Methods: Data come from a representative survey (n=3006) of caregivers of young children in northeastern Nigeria, a region heavily affected by armed insurgency. Unlike previous studies, our survey included dedicated measures of victimisation, health-seeking outcomes and potential mediating factors within a single instrument, enabling precise measurement and analysis. To compare maternal and child healthcare-seeking behaviour between victimised and non-victimised caregivers, we employed a quasi-experimental observational design using propensity-score matching on demographic and contextual characteristics. Causal mediation analysis was then used to identify the mechanisms linking victimisation to health behaviours.

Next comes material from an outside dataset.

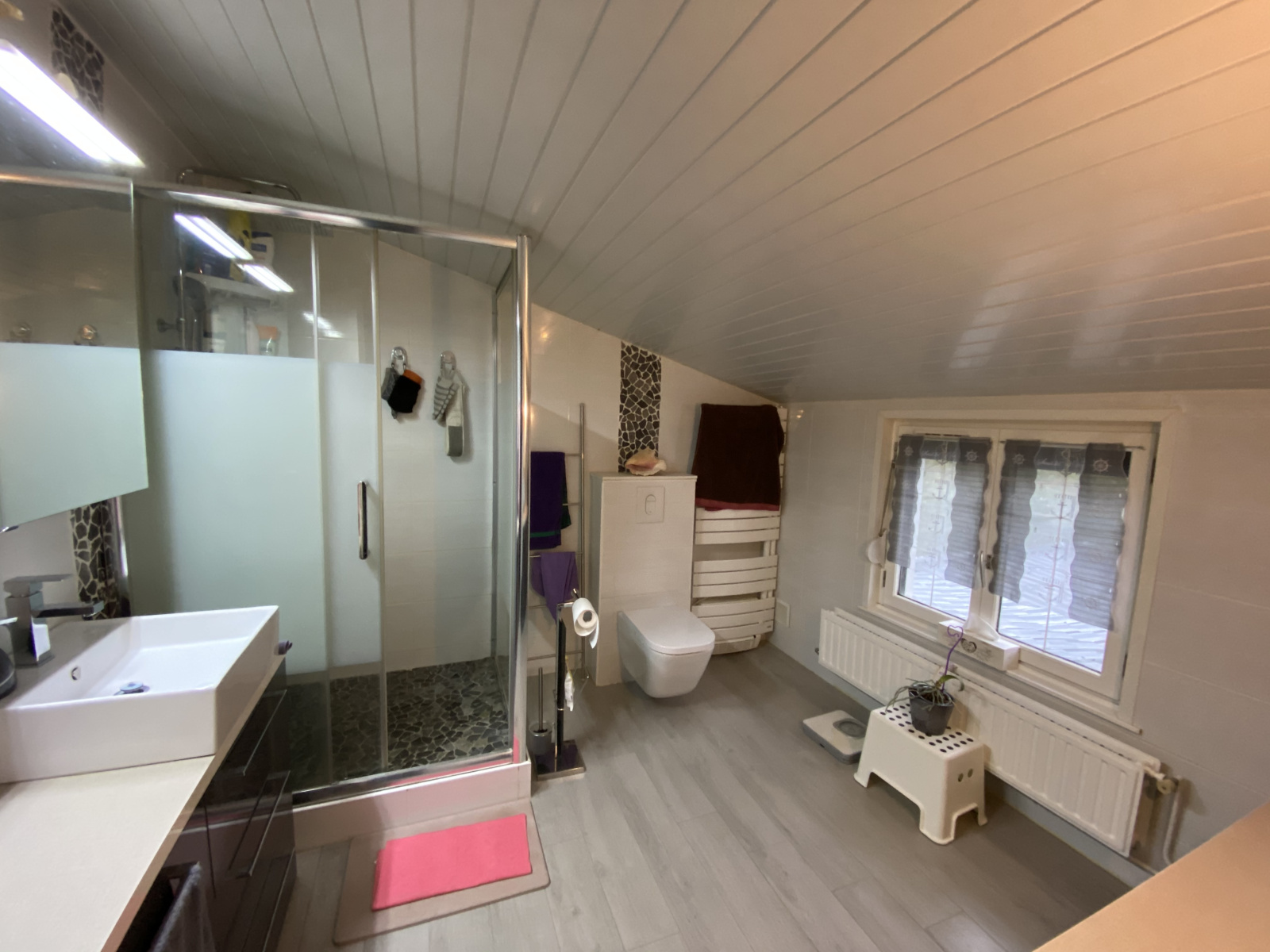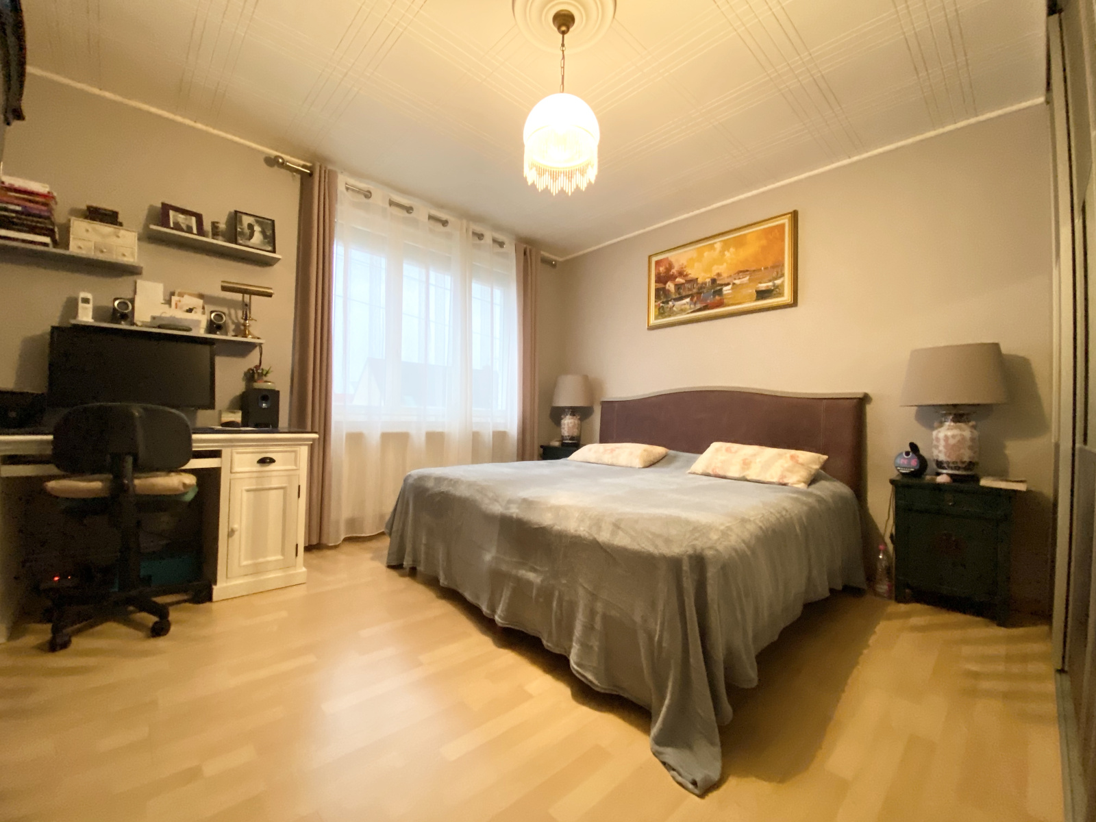 Maison individuelle soignée aux beaux volumes offrant hall d'entrée avec coin lecture, vaste cuisine A&E, salon, salle à manger, 3 chambres et salle d'eau.

Results: Victimisation was widespread, with 21% of respondents (n=651) having experienced a severe form of violence in the past 3 years. While maternal healthcare-seeking behaviour appeared unaffected, victimisation significantly reduced healthcare-seeking for child health. Children of victimised caregivers were markedly less likely to be fully immunised (OR 0.43, p<0.001) and to receive care at government health facilities (OR 0.23, p<0.001). This decline was primarily driven by increased distrust in the health system (proportion mediated: 0.42–0.70, p<0.05), stemming from negative experiences during the conflict, particularly health worker absenteeism and victimisation by state security forces.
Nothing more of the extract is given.